= Beginning of Section =

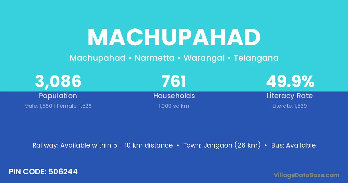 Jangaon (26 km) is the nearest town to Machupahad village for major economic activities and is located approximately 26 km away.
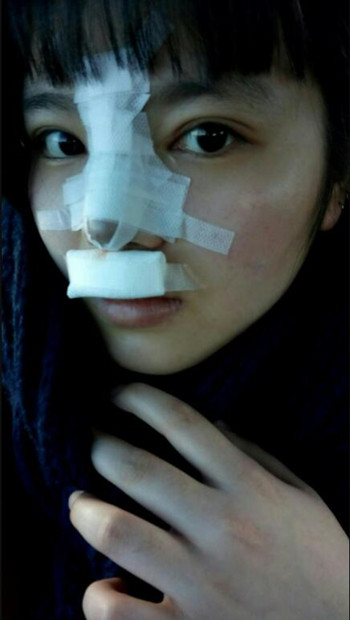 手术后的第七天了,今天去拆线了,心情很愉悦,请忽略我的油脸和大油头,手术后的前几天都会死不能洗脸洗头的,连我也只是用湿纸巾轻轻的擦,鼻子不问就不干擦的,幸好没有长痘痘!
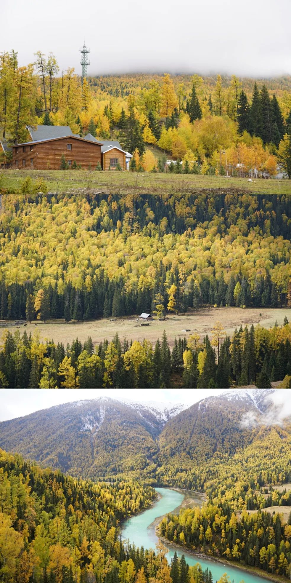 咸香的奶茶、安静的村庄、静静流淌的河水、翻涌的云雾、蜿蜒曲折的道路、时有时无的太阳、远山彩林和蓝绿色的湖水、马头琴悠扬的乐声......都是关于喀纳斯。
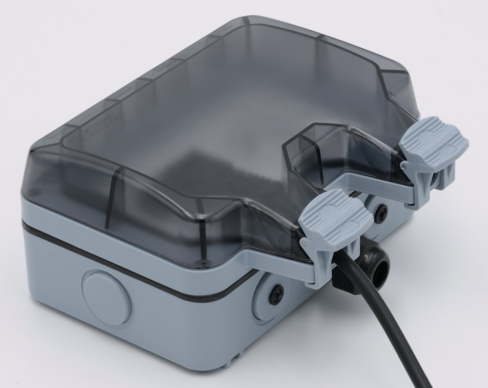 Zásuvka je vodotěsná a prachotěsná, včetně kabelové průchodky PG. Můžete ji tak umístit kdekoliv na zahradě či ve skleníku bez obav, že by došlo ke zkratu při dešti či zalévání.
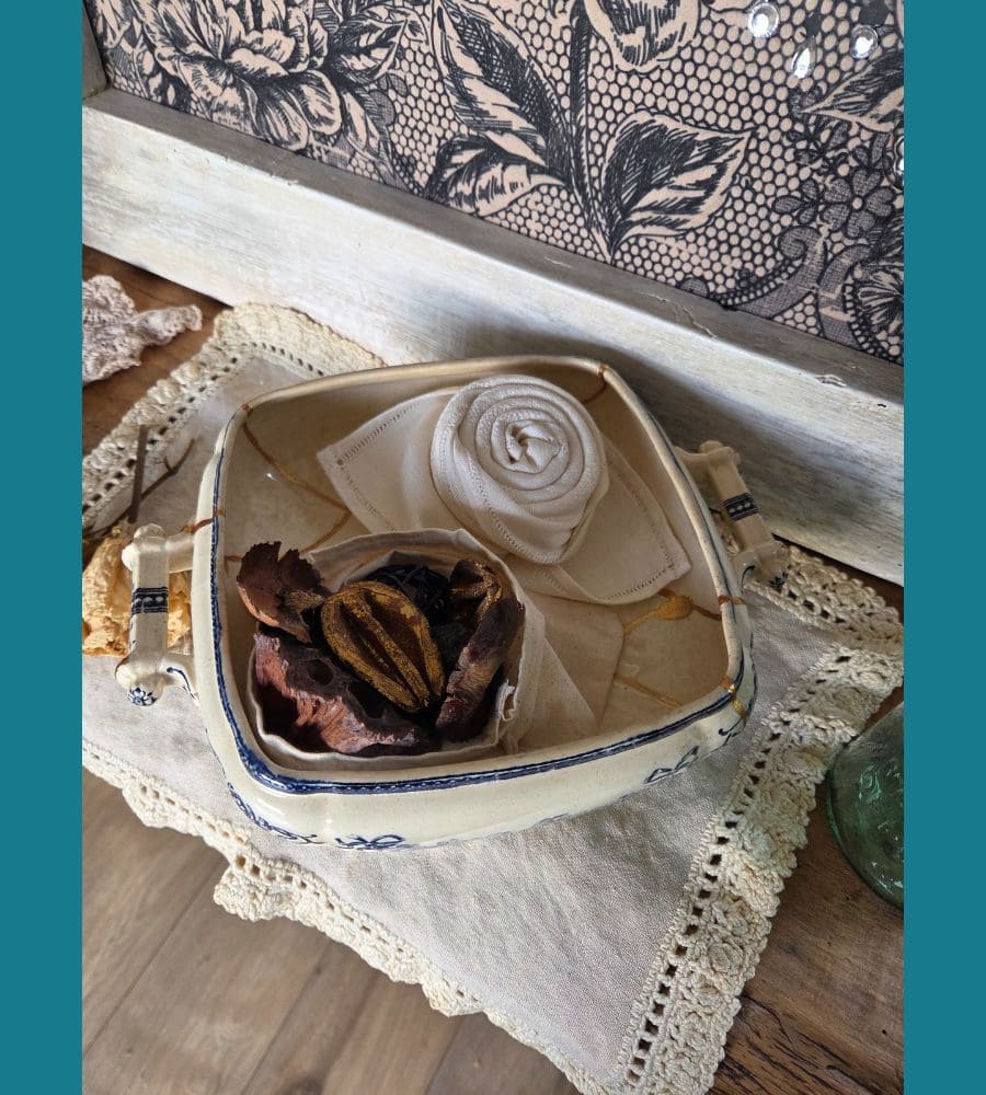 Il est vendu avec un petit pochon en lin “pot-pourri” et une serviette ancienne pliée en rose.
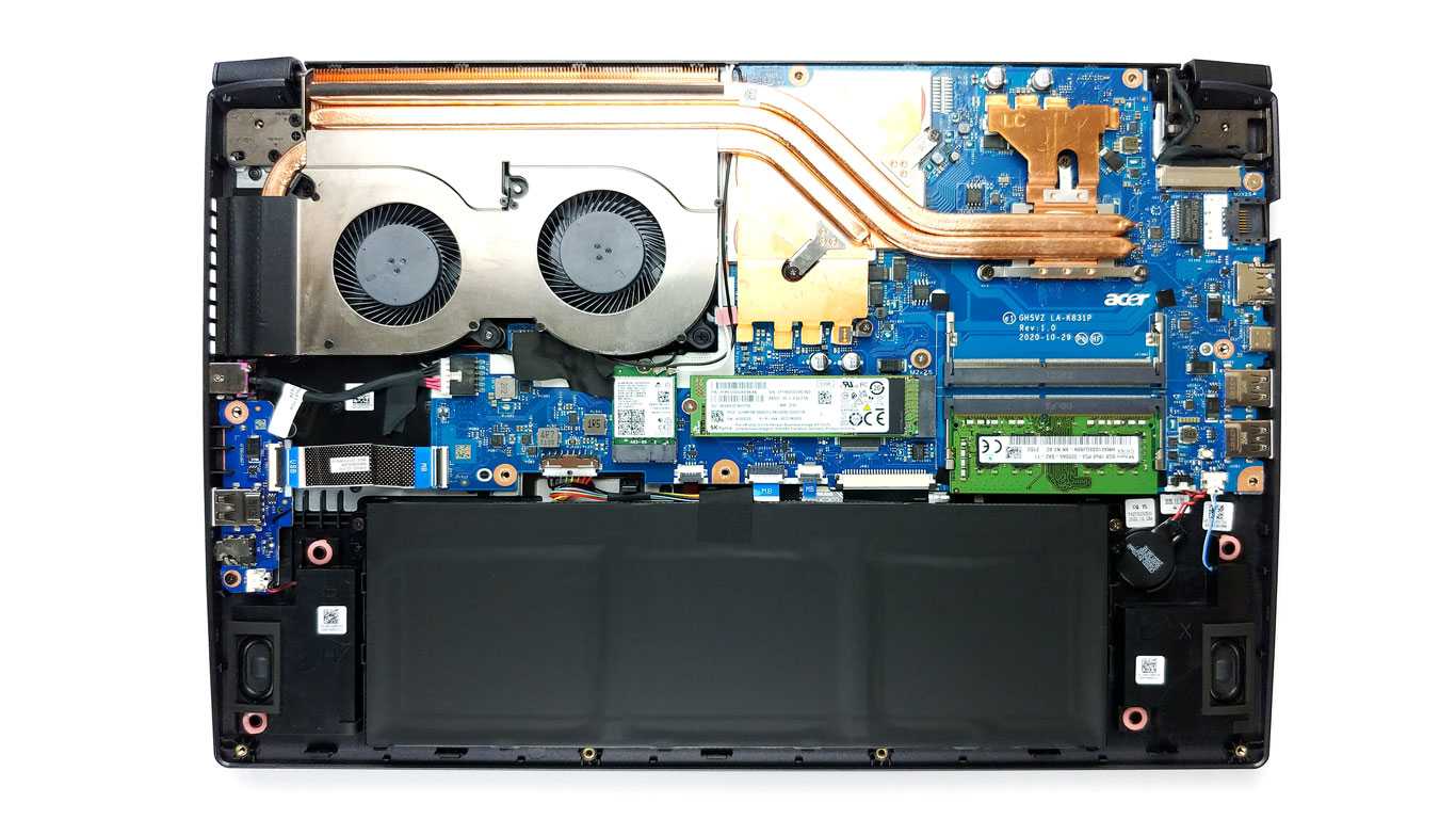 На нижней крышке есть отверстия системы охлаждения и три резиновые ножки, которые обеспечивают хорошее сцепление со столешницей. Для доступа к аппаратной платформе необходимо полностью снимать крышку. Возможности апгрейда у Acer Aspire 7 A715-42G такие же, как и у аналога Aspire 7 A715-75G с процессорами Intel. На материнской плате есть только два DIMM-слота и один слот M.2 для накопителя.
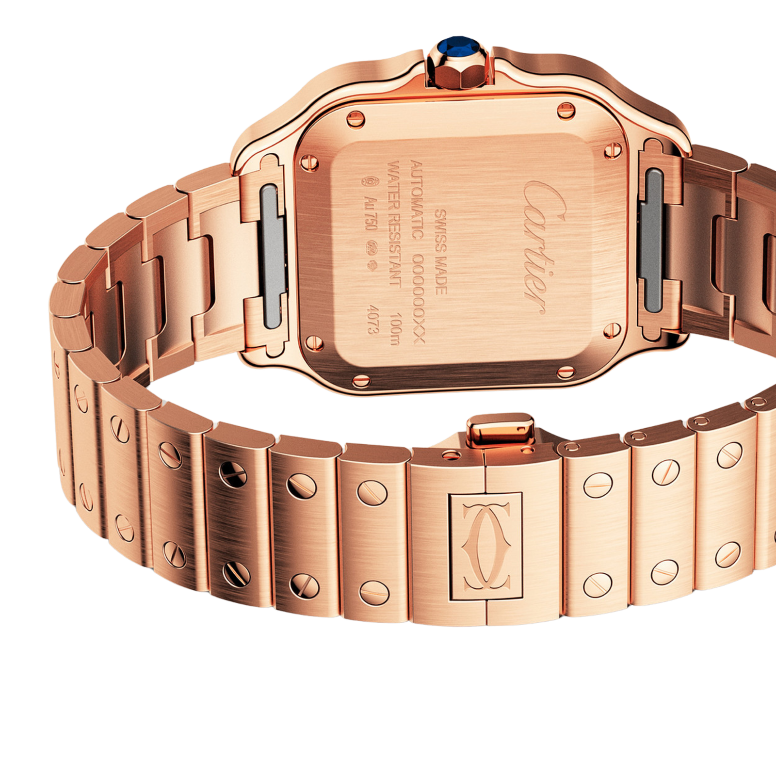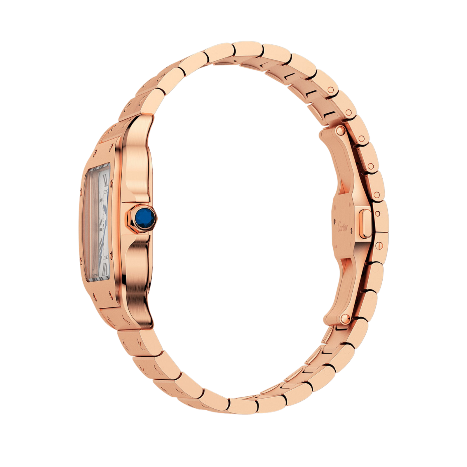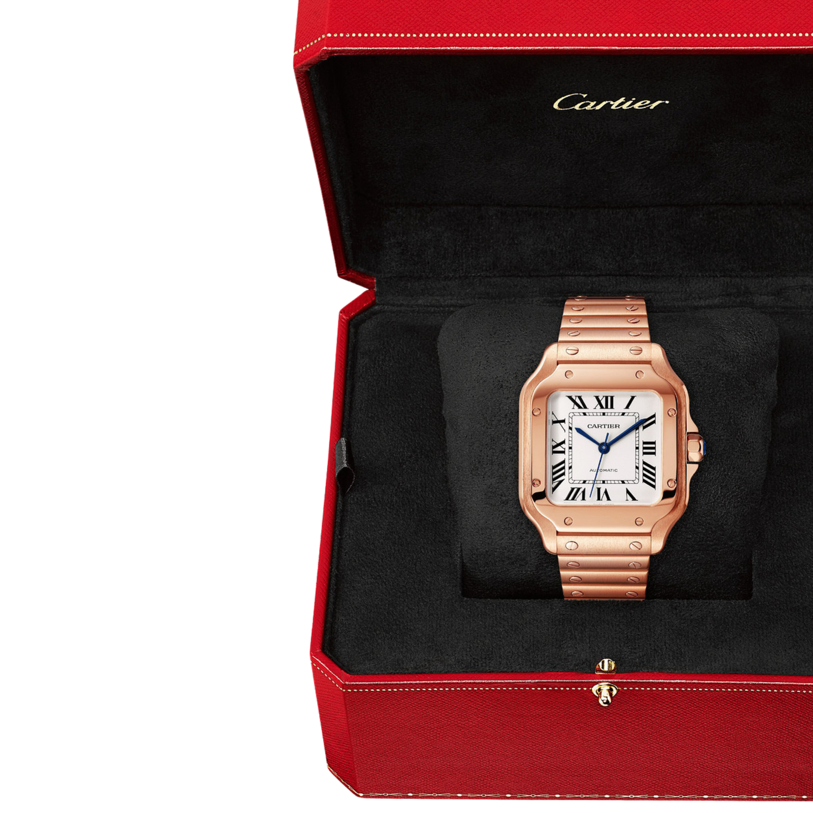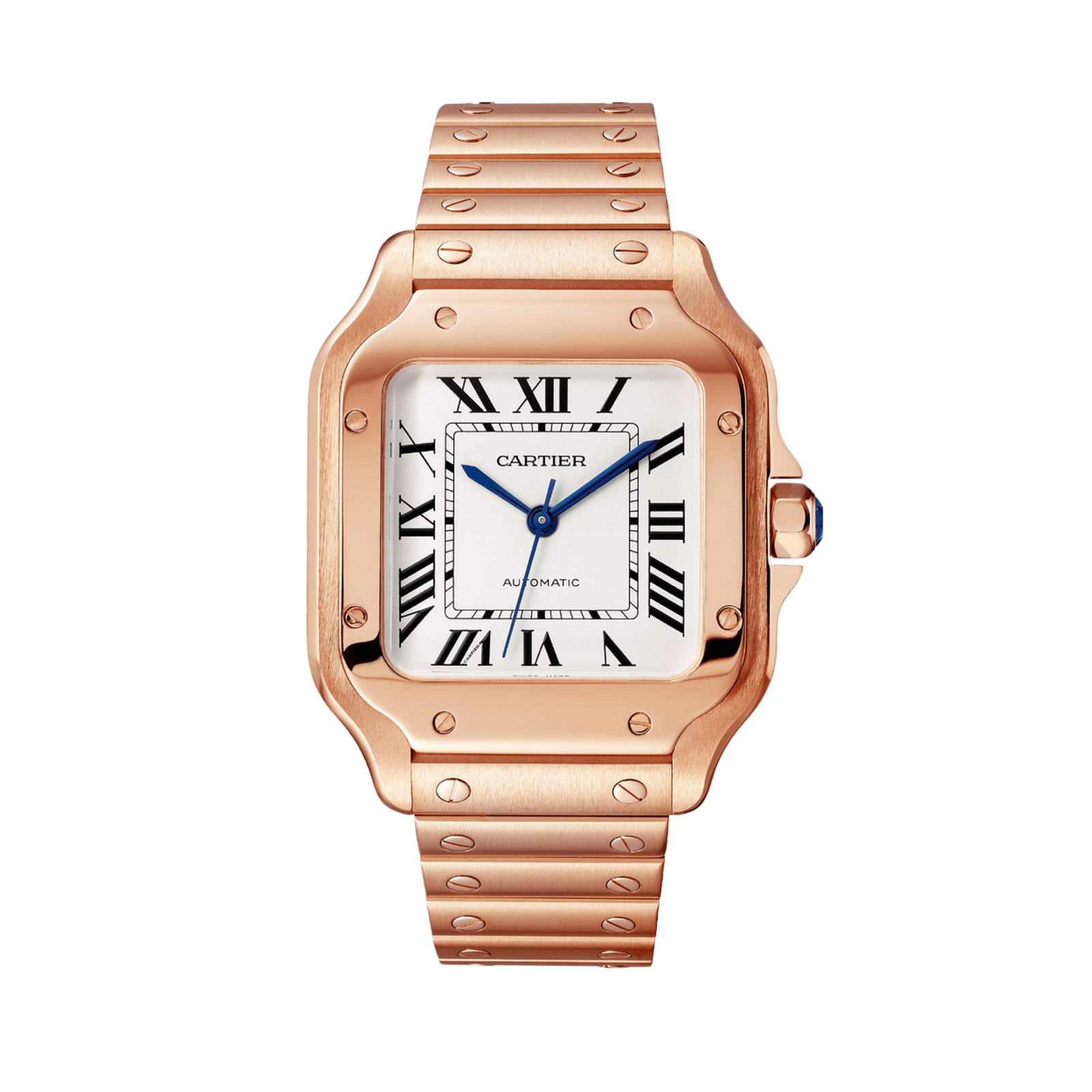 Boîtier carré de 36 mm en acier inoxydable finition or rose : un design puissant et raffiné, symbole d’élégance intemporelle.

= End of Section =

Problem requirements:
Set down each entry again exactly as written. Pictures stay out.

Reply to the exercise:
 Jangaon (26 km) is the nearest town to Machupahad village for major economic activities and is located approximately 26 km away.
 手术后的第七天了,今天去拆线了,心情很愉悦,请忽略我的油脸和大油头,手术后的前几天都会死不能洗脸洗头的,连我也只是用湿纸巾轻轻的擦,鼻子不问就不干擦的,幸好没有长痘痘!
 咸香的奶茶、安静的村庄、静静流淌的河水、翻涌的云雾、蜿蜒曲折的道路、时有时无的太阳、远山彩林和蓝绿色的湖水、马头琴悠扬的乐声......都是关于喀纳斯。
 Zásuvka je vodotěsná a prachotěsná, včetně kabelové průchodky PG. Můžete ji tak umístit kdekoliv na zahradě či ve skleníku bez obav, že by došlo ke zkratu při dešti či zalévání.
 Il est vendu avec un petit pochon en lin “pot-pourri” et une serviette ancienne pliée en rose.
 На нижней крышке есть отверстия системы охлаждения и три резиновые ножки, которые обеспечивают хорошее сцепление со столешницей. Для доступа к аппаратной платформе необходимо полностью снимать крышку. Возможности апгрейда у Acer Aspire 7 A715-42G такие же, как и у аналога Aspire 7 A715-75G с процессорами Intel. На материнской плате есть только два DIMM-слота и один слот M.2 для накопителя.
 Boîtier carré de 36 mm en acier inoxydable finition or rose : un design puissant et raffiné, symbole d’élégance intemporelle.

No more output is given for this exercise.